Pour y arriver, l’université doit évidemment regagner son indépendance par rapport au politique et à la financiarisation qui ronge tous les secteurs de notre société ; mais elle doit aussi opérer une révolution interne et reconsidérer sa position dans la société. J’évoquais plus haut l’arrogance que l’on a pu reprocher à certains responsables de l’UCL dans les démarches de fusion ; cette arrogance est parfois une caractéristique de l’universitaire inacceptable, quelle qu’en soit la cible. D’abord par rapport aux hautes écoles et à l’enseignement supérieur ; pour enseigner à la fois dans une haute école et à l’université, je peux témoigner que le niveau d’excellence de la première n’a rien à envier à celui de la seconde. Par contre, les enseignants des hautes écoles travaillent dans des conditions nettement moins favorables que leurs collègues universitaires et ne peuvent que difficilement mener des recherches scientifiques. La création de Bac et de Master transversaux, impliquant des hautes écoles et des universités, me semble une nécessité et une richesse, qui permettra de dynamiser les acteurs des deux filières, au plus grand profit des étudiants.
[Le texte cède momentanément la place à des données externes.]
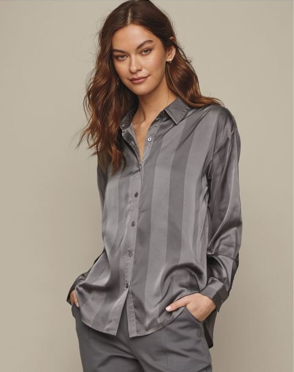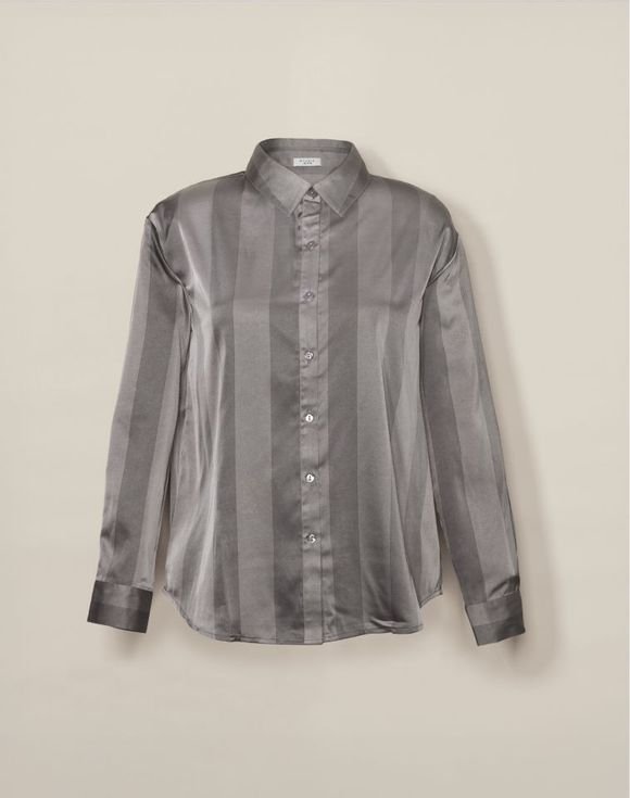 No longer just a neutral – gray is the statement this season. Add this sophisticated smoke gray striped satin shirt to your wardrobe. Featuring a collar, button-front style, rounded hem and long sleeves with buttoned cuffs, this relaxed-fit monochromatic style imparts maximum cool. Center back length: 27″ on M; 28″ on 1X. Imported.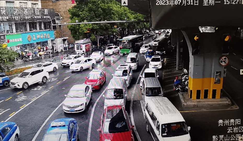 记者通过贵阳交警850指挥中心大屏观察发现,就算天公不作美,阵雨不断,也没浇灭大家前往黔灵山公园游玩的兴致,周边道路依旧车水马龙。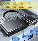 VGA to HDMI Adapter 2 in 1, VGA to HDMI+VGA Adapter Splitter for dual monitors, 2K60HZ Full HD Display Video Converter for PC/Laptop to Big Screen(Monitor/HDTV/Projector), Comatible with Mac OS, Windows, Linux 【VGA to HDMI+VGA Adapter】:Our 2-in-1 VGA to HDMI and VGA Adapter allows you to connect two external monitors at the same time via HDMI and VGA port for extending or mirroring, but if you using both ports simultaneously then the two monitors will only show the same contents. 【Full 1080P HD Resolution】: This VGA to HDMI +VGA splitter supports video & audio transmission from PC/Laptop to Monitor/HDTV/Projector without delay/lag. Both HDMI and VGA ports can achieve resolution up to 1920x1080P60HZ, The HDMI ports supports 2K HD (2560x1440@@60HZ). 【Plug & Play, Broad Compatibility】: This aluminium VGA adapter for monitors is very easy to use, just plug and play. Compatible with Windows, Mac OS, Linux and other systems. It's suitable for all PC and laptops with VGA port. 【With Auido & Power Port】: This product is equipped with a 3.5mm audio interface, which can connect audio devices such as speakers, amplifiers, headphones, etc. It supports PCM2.0 audio format and 2.1 channels, allowing you to experience a surround sound speaker. It also comes with a 5V/1A Micro USB power supply interface and is equipped with a power cord to avoid unstable image transmission caused by insufficient power supply. 【Durable and Portable】: Aluminum frosted shell, which has the advantages of anti-skid, wear-resistant, anti-scratch, etc. This VGA adapter is easy to carry on a business trip in your laptop bag. You can expand the computer screen to a large screen(Projector/Monitor) for presentation. It is super convenient for meetings and family entertainment. 【What Included in Package】: 1* VGA to HDMI+VGA adapter; 1* micro USB to USB charging cable; 1* 3.5mm to 3.5mm audio cable.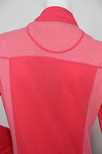 This pink color block reversible sweater by Tommy Bahama is crafted in a breathable cotton blend knit, is designed with a custom fit silhouette and features a zipper fastening mock neck, striped front&back side panel and yoke, in-set long sleeve, banded cuffs and hem and is enhanced with cover stitch sewingFeature
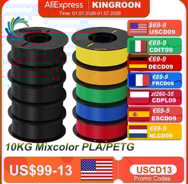 Upgrade your 3D printing with KINGROON premium PLA/PETG filament, made from eco-friendly, biodegradable PLA. Designed for smooth extrusion, strong prints, and vibrant colors, perfect for beginners and professionals.

La sanctuarisation et la liberté que j’évoque ici ne sont pas des cadeaux qu’une société accorde à une élite autoproclamée ; elles sont un privilège, sans doute, mais un privilège qui s’accompagne d’une énorme responsabilité, laquelle doit être exercée dans la plus totale gratitude vis-à-vis de cette société. Aucune arrogance n’est possible. Le conseil d’administration auprès duquel la communauté universitaire doit rendre des comptes est le plus important qui soit : c’est celui de l’avenir que les quatre corps – académique, scientifique, administratif et technique, étudiant – ont pour tâche prioritaire de rendre plus juste, égalitaire et meilleur pour l’ensemble de la société qui les finance.